Hobbs College presents honors theses

By Kedrick Nettleton, Faith Editor

As the school year rapidly comes to a close over the next few weeks, the hard work and dedication of honors students across the campus is coming to fruition.

Students from different disciplines across campus are presenting their honors theses at various afternoons in the months of April and May, and many of these presentations include the final projects from students in the Hobbs College of Theology and Ministry.

Chandler Warren presented his final thesis on April 15.

His project, titled “The God of Hell: The Relationship Between the Divine and The Damned,” was concerned with the doctrine of a literal hell, and how God’s inherent attributes interact and in-form on that doctrine.

Warren’s research ranged from a number of aspects, the most interesting aspect being the relation of God to time.

“Chandler’s thesis presentation is a model for OBU Honors students, whether in Hobbs or some other discipline,” Dickinson Associate Professor of Religion and the faculty advisor for Warren’s thesis Matthew Emerson said.

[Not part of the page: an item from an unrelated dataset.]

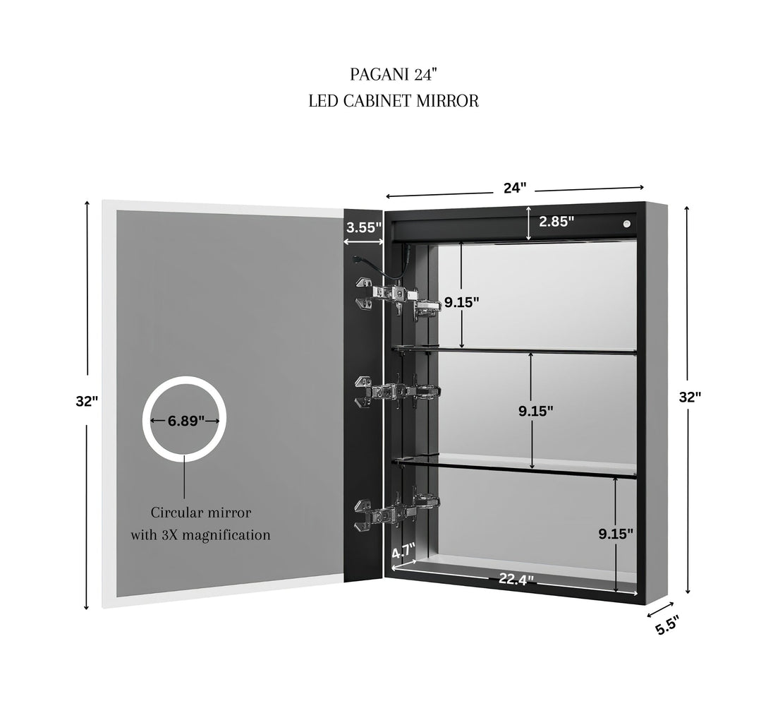 Designed for wall mounting or recess mounting, this cabinet is crafted with a sleek anodized aluminum body frame and comes in multiple sizes to fit any bathroom. Let the Pagani LED Mirror Cabinet transform your bathroom into a stylish and functional sanctuary.

“His argument is sophisticated, his methodology is careful, and his presentation was both witty and informative.”

Other presentations from students in the department included Jonathan Knox, who brought forth his project titled “The Nature of Sin: Inward, Outward, Ultimate,” April 22.

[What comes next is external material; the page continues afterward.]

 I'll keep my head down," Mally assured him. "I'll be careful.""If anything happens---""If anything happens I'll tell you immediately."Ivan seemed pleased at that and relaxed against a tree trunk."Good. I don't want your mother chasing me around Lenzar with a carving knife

In the future, there are three more presentations dealing with subjects relating to religion.

Matthew Shively will present “Predestination, Election, and Encouragement to Christlike-ness in Paul’s Epistles” Thursday, May 2.

John Ellis’ thesis – “What has Darwin to do with Design? Are Evolution and Christianity Compatible?” – will be presented Tuesday, May 7.

Noah Jones will finish off the honors presentation Wednesday May 8, with his thesis, “The Mereology of God Incarnate: A Critique of Part-Whole Approaches to Christ’s Attributes.”

Jones says that the title of his project sounds more complicated than it really is.

“I explore ways to understand traditional Christian beliefs about Jesus,” Jones said. “For example, I explore and critique some answers to questions like ‘If Jesus was fully God and fully man, was He material or immaterial?’ I also discuss similar questions related to Jesus’ omniscience and whether He was inside or outside time.”

For Jones, completing this thesis project was taxing.

“[It] was very difficult,” he said. “My thesis required more work by far than any other task I’ve had at OBU.”

That challenge, though, made the process memorable.

“It was especially rewarding to me to focus in so much detail on a single topic and become an expert (as much as is possible for an undergraduate) on some small thing,” Jones said.

All theses presentations take place in the Tulsa Royalties Auditorium in Bailey Business Center, and all presentations are open to the public.